Flash Back on:
Não era um dia como outro qualquer no Democracy. Alguns alunos comemoravam, outros se lamentavam, mas nada daquilo me atingia. Eu não estava inserida em nenhum grupo para sofrer qualquer tipo de influência.
Fui para a biblioteca e como sempre, me sentei na mesa mais isolada. Mesmo em um local geralmente silencioso, era possível ouvir os murmúrios a respeito do resultado das eleições para presidente do grêmio estudantil daquele ano. Muitos alunos pensaram que Christopher iria vencer, já que seu pai era um político influente e sua campanha foi simplesmente espalhafatosa. Só que, contrariando as expectativas até da direção, um candidato do último ano venceu.
Às vezes sentia como se o Democracy fosse um pequeno país. As pessoas levavam muito a sério tudo que acontecia ali. Era como se não percebessem que o ensino médio durava pouco e a vida “de verdade” começaria quando nos formássemos.
Cansada das futilidades que me rodeavam, abri um livro e tentei estudar. Passaram-se alguns minutos, até que senti alguém se sentar na cadeira ao meu lado. Achando que era Christian, não me preocupei.

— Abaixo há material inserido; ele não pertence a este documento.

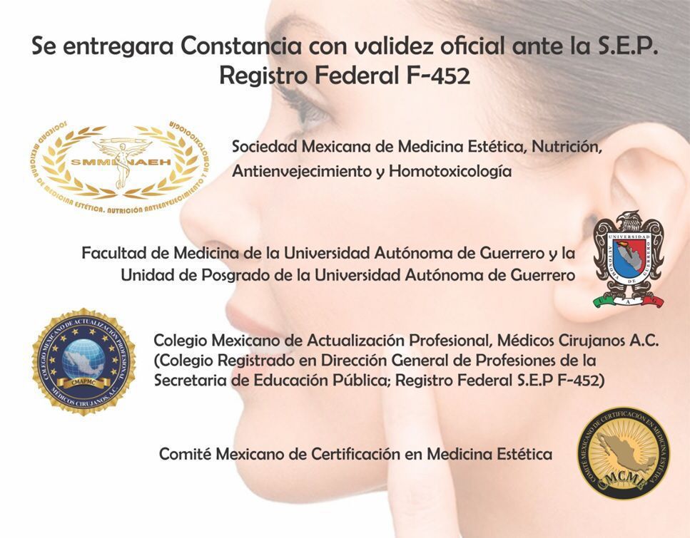 La Sociedad Mexicana de Medicina Estética, Nutrición, Antienvejecimiento y Homotoxicología, La Facultad de Medicina y la Unidad de Posgrado de la Universidad Autónoma de Guerrero, El Colegio Mexicano de Actualización Profesional, Médicos Cirujanos A.C. (Colegio registrado en Dirección General de Profesiones de la Secretaría de Educación Pública; Registro Federal: F452) y el Comité Mexicano de Certificación en Medicina Estética, Le envían un cordial saludo y lo invitan a formar parte del grupo de médicos interesados en la salud y estética de sus pacientes actualizándose en el curso:
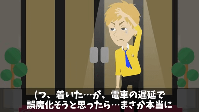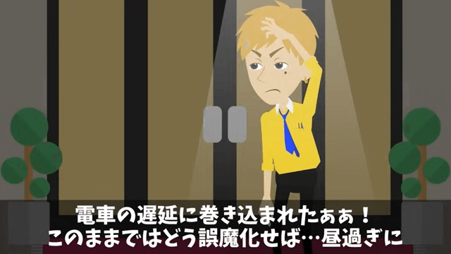 電車が遅延したと言ってごまかそうとしていた課長でしたが、本当に電車が遅延してしまいます。 そのため課長は「なんて言い訳をすればいいか…」と考え込みました。
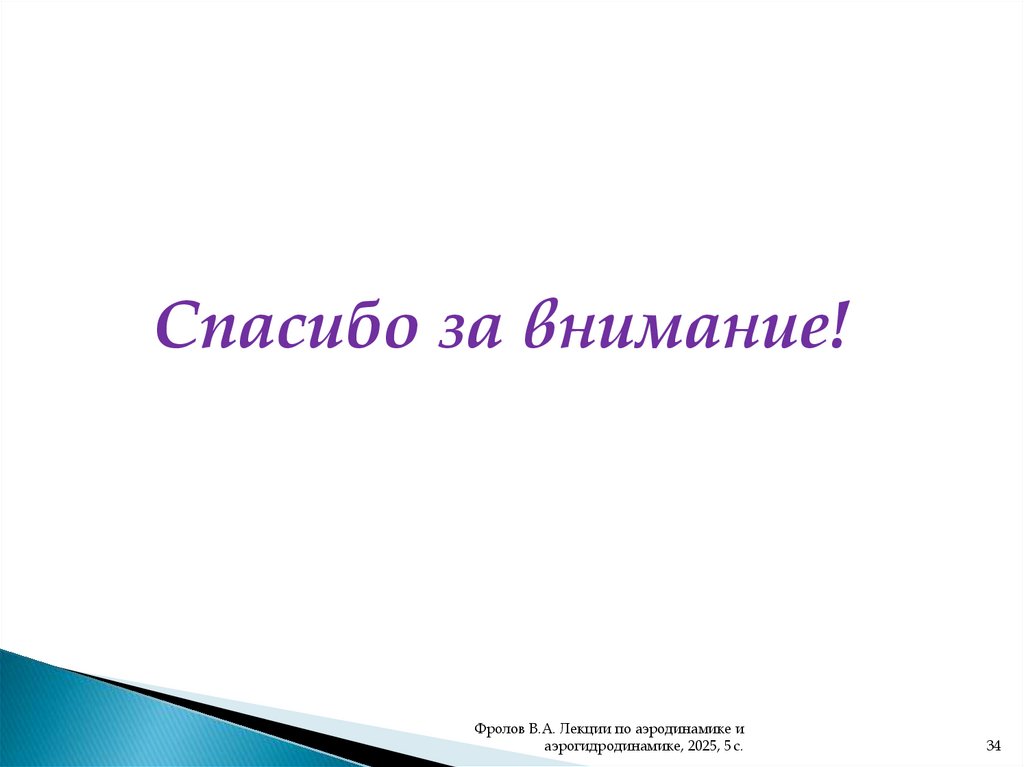 Спасибо за внимание!Фролов В.А. Лекции по аэродинамике и аэрогидродинамике, 2025, 5 c.
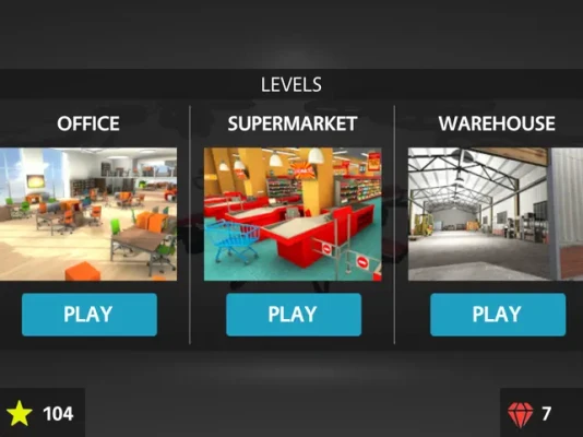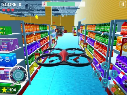 Fly remote controlled drones and collect stars at three different places: Office, Supermarket and Warehouse.
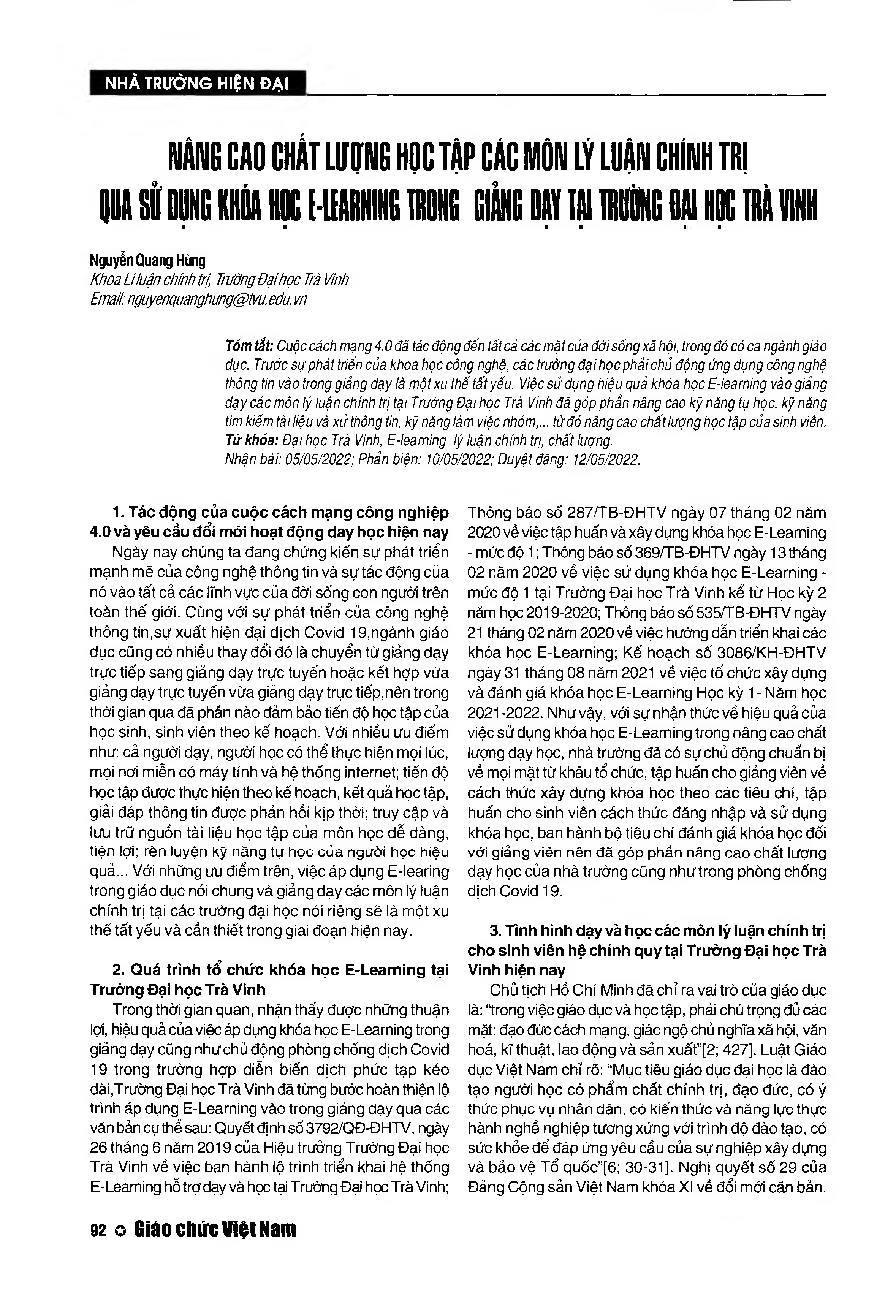 Nâng cao chất lượng học tập các môn Lý luận chính trị qua sử dụng khóa học E-learning trong giảng dạy tại trường Đại học Trà Vinh = Improving the learning quality of political theory subjects through the use of E-learning courses in teaching at Tra Vinh U
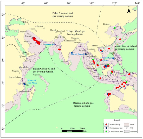 In the nearshore areas of the Bay of Bengal, the exploration level for oil and gas is relatively high, but the deepwater region offers promising prospects. The Bay of Bengal, forming a vast river-delta system, gives rise to various types of continental margin basins with substantial organic matter input along the continental margin. The conditions for hydrocarbon accumulation are exceptional, particularly in the deep-sea regions where Neogene turbidite sandstones extend. The primary exploration goal is to identify lithological traps. In the eastern seabed of Pakistan’s waters, material primarily originates from the Indus River, resulting in the widespread distribution of Miocene river-channel sandstones and Eocene reef limestones in deepwater regions. These areas boast high-quality reservoirs and promising prospects for oil and gas exploration, with an emphasis on identifying lithological traps [41]. Southeast Asian waters, situated at the convergence of three major tectonic plates, have undergone complex tectonic evolution, resulting in various basin types. Hydrocarbon resources are concentrated in Cenozoic back-arc basins, rift basins, passive margin basins, and foreland basins. In the deepwater region of Southeast Asia, numerous thrust–fold belts have developed, prominently featuring structural traps. The conditions for hydrocarbon accumulation are excellent, with the primary objective being the identification of large structural-type oil and gas fields.
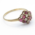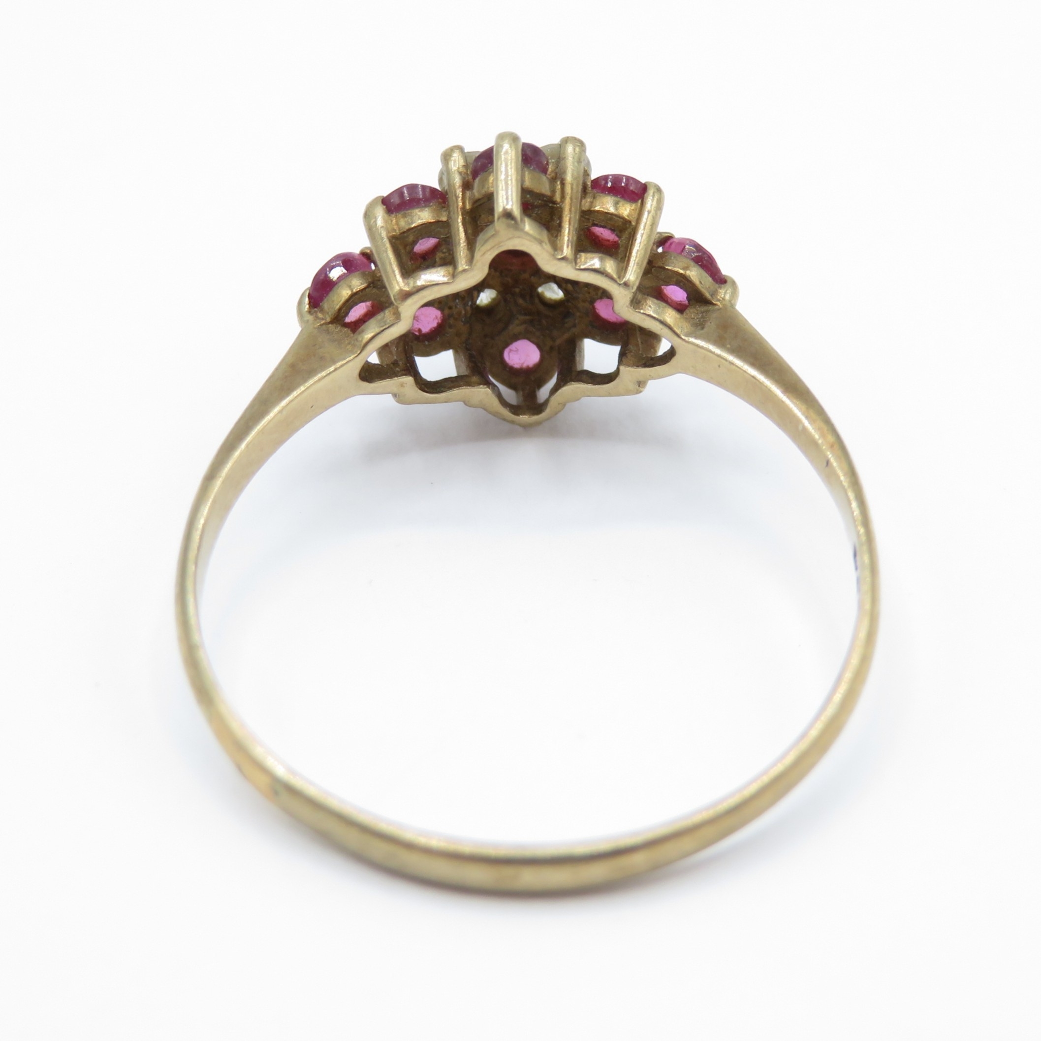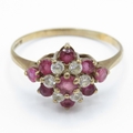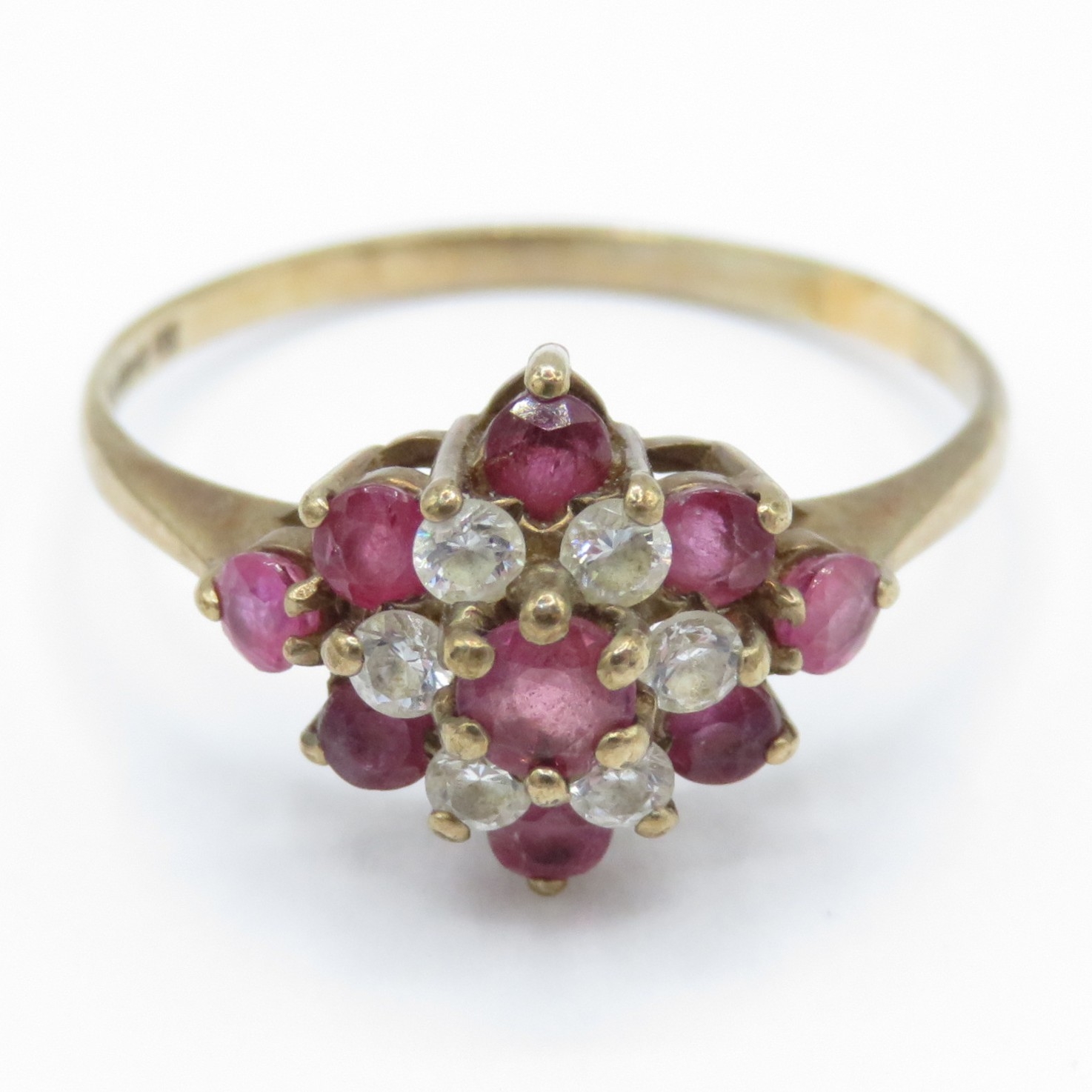 9ct Gold Ruby and Cubic Zirconia Cluster Ring (1.8g) Size P
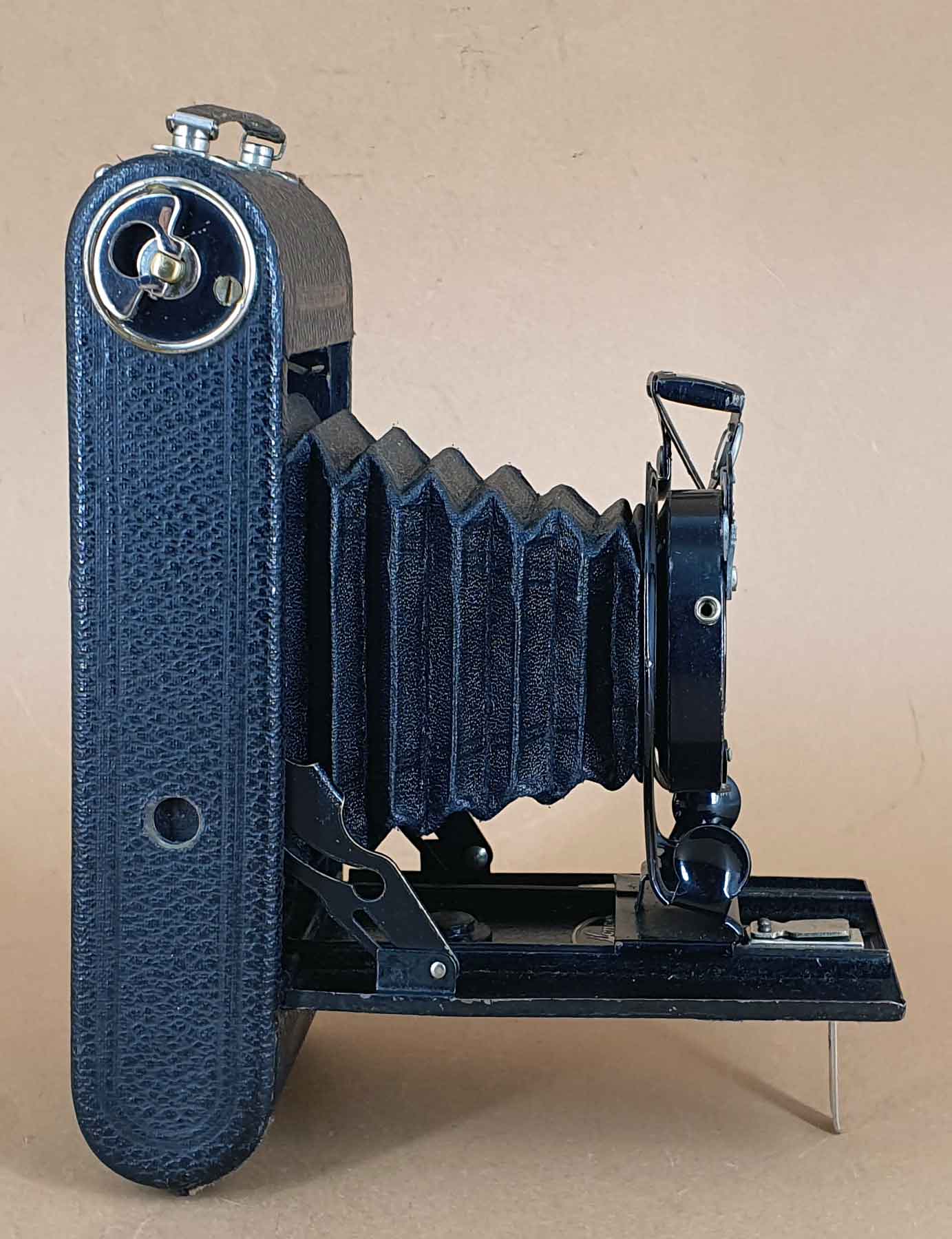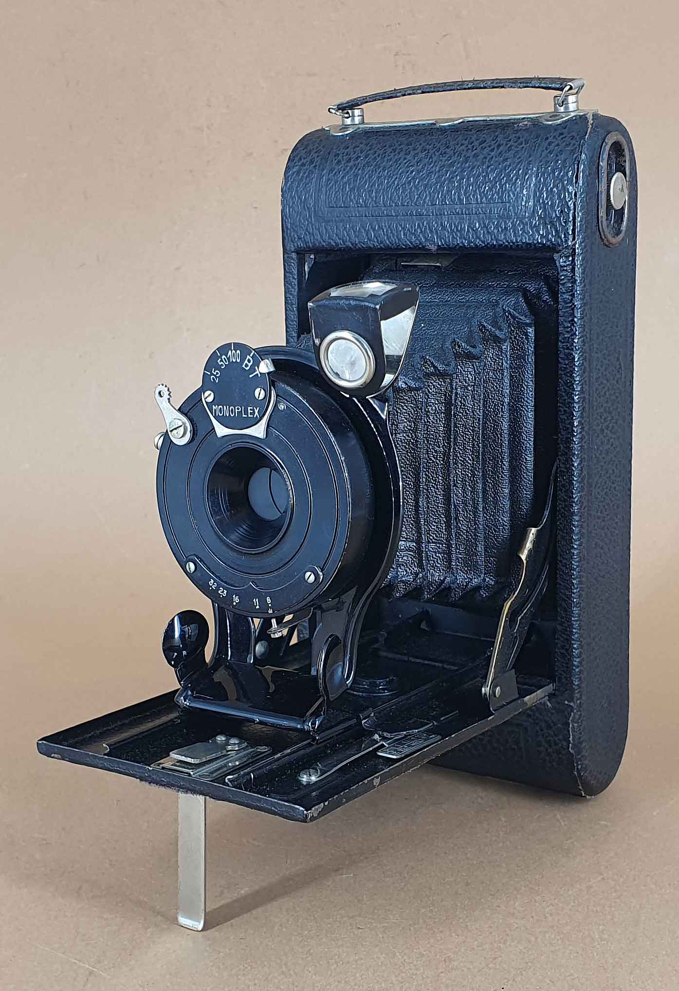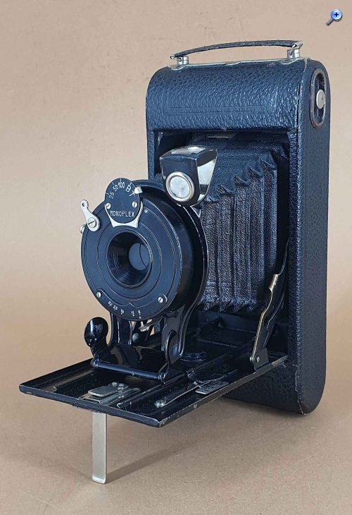 auch ich finde nirgends eine MONO mit Namen Bonaplex daher gehen meine Gedanken in Richtung Monoplex-Verschluss. da lt. meinen Unterlagen Mono nur wenig Rollfilmkameras im Angebot hatte zähle ich mal die Falt Rollfilmmodelle auf. Automat RF/PL. 5 x 8 1930 Verschl mit Spezial angegeben

- Olá. - A voz baixa me assustou.
Encolhida e com o rosto praticamente escondido dentro do livro, senti um frio percorrer a minha espinha.
- Tudo bem? - Estranhamente acanhado, Christopher insistiu na conversa.
Com a face coberta pelos cabelos, ergui só um pouco a cabeça e verifiquei se seus colegas estavam por perto tramando algum mal contra mim.
- Estou sozinho. - Sussurrou, para que ninguém ouvisse.
Desconfiada, usei toda a minha coragem para perguntar:
- O que quer?
O fitei e Christopher baixou a cabeça para não me encarar.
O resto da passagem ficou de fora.